Initiatives like Open Gateway—driven by the world’s leading telecommunications companies—illustrate how far this approach can go. From fraud prevention to user authentication, the real value lies not just in the data itself, but in how it is shared, connected, and activated.
When finance and marketing start speaking the same language
This structural shift is not limited to finance.
A very similar transformation is taking place in marketing and technology.
Within the martech ecosystem, more and more companies are working to unify and activate data through open, secure integrations. The goal is clear: better understand users, personalize experiences, and optimize resources.
In both worlds—finance and marketing—the logic is the same.
Data interoperability, enabled by APIs, becomes the foundation for better decisions.
Ultimately, this is not just about technology.
It’s about turning fragmented data into smarter—and more human—decisions.
Open Growth: applying openness to growth
At Minders, we believe the same logic that powers Open Finance can be applied to brand growth.
We call this approach Open Growth.
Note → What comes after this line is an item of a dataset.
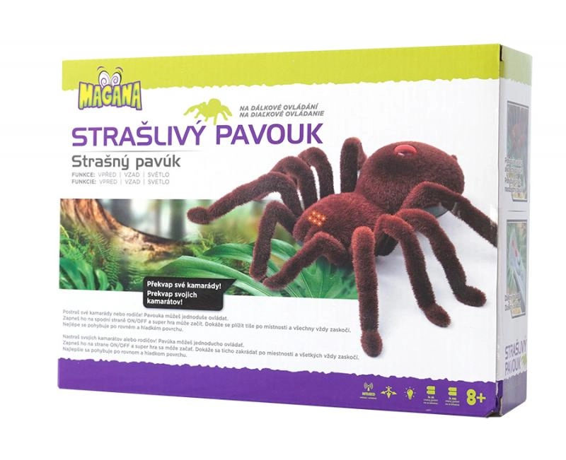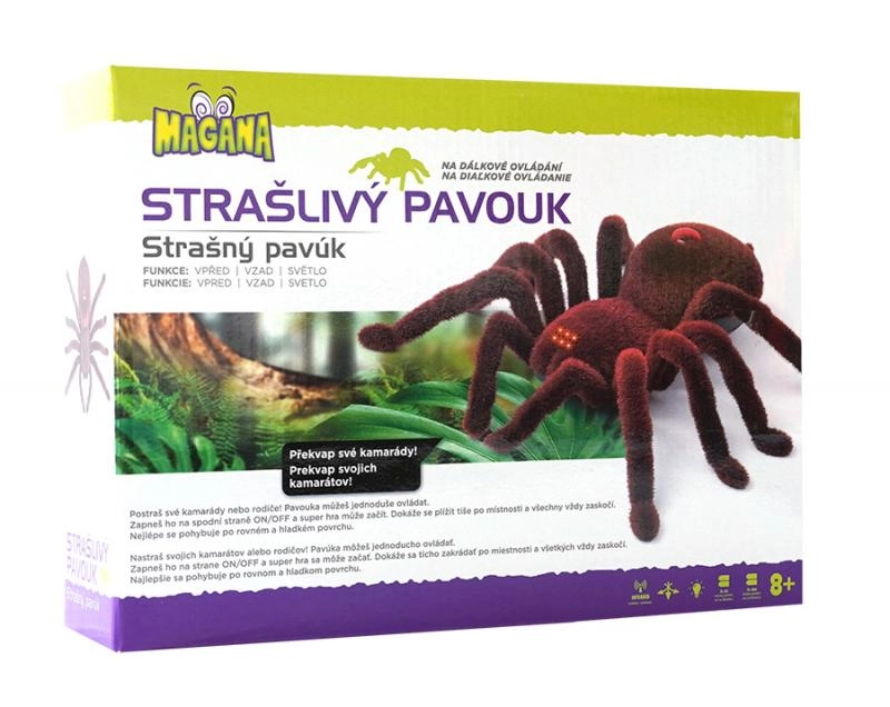 Pajek se realistično plazi, njegove oči in zadek pa svetijo, zato je v temi še bolj strašljiv in zabaven.

It’s a model where data flows across teams, decisions are made in real time, and technology shifts from being a barrier to becoming a bridge.
Just as Open Finance expands access to credit and improves competition, Open Growth enables more agile, measurable, and effective marketing strategies to scale.
In both cases, the foundation is the same: open infrastructure, strong integrations, and a genuinely user-centered mindset.
Designing infrastructure for growth
At Minders, this is exactly where we operate.
We help companies turn data into decisions, decisions into action, and action into growth.
From strategy through implementation, we partner with teams to build open and efficient systems—designed not only to compete today, but also to learn and evolve over time.